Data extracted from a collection
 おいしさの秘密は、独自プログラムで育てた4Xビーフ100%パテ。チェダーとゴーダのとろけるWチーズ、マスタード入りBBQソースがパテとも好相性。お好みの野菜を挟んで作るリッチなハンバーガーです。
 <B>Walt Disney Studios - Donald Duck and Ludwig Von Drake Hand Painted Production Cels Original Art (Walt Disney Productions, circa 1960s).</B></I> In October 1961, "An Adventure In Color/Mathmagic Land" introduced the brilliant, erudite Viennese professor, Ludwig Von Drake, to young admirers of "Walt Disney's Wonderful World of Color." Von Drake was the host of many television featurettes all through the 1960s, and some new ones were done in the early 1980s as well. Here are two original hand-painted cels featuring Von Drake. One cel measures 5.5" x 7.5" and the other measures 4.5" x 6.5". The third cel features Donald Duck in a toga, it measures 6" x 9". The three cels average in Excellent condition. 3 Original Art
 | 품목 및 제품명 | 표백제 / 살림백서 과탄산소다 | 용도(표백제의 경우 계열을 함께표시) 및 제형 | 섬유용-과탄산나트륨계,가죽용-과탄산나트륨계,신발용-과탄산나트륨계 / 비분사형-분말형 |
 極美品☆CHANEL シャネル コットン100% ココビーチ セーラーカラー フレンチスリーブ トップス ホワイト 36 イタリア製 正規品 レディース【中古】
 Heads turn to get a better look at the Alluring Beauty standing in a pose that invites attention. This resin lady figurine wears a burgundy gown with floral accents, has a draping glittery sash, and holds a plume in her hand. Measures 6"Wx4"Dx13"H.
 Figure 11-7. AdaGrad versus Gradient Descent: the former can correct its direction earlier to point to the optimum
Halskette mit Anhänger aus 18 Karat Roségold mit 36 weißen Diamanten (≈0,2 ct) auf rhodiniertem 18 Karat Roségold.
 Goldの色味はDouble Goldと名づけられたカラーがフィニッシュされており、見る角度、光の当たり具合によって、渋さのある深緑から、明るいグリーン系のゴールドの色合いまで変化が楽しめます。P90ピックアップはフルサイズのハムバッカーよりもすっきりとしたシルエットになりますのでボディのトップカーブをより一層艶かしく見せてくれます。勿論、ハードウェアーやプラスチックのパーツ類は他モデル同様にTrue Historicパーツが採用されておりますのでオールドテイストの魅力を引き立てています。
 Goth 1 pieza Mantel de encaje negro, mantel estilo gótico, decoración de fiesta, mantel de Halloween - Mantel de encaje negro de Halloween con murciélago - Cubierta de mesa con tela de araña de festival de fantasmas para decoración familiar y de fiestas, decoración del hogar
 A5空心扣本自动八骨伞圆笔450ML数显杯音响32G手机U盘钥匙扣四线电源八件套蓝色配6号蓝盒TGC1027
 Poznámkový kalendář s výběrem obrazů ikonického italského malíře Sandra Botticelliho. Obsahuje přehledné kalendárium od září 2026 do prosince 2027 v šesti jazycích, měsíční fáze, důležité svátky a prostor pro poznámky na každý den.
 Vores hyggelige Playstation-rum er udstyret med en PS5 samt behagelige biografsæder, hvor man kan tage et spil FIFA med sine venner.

_The task_
Report the number of lines in the records that include the string "hand", and write no other words.

_Response for this exercise_
2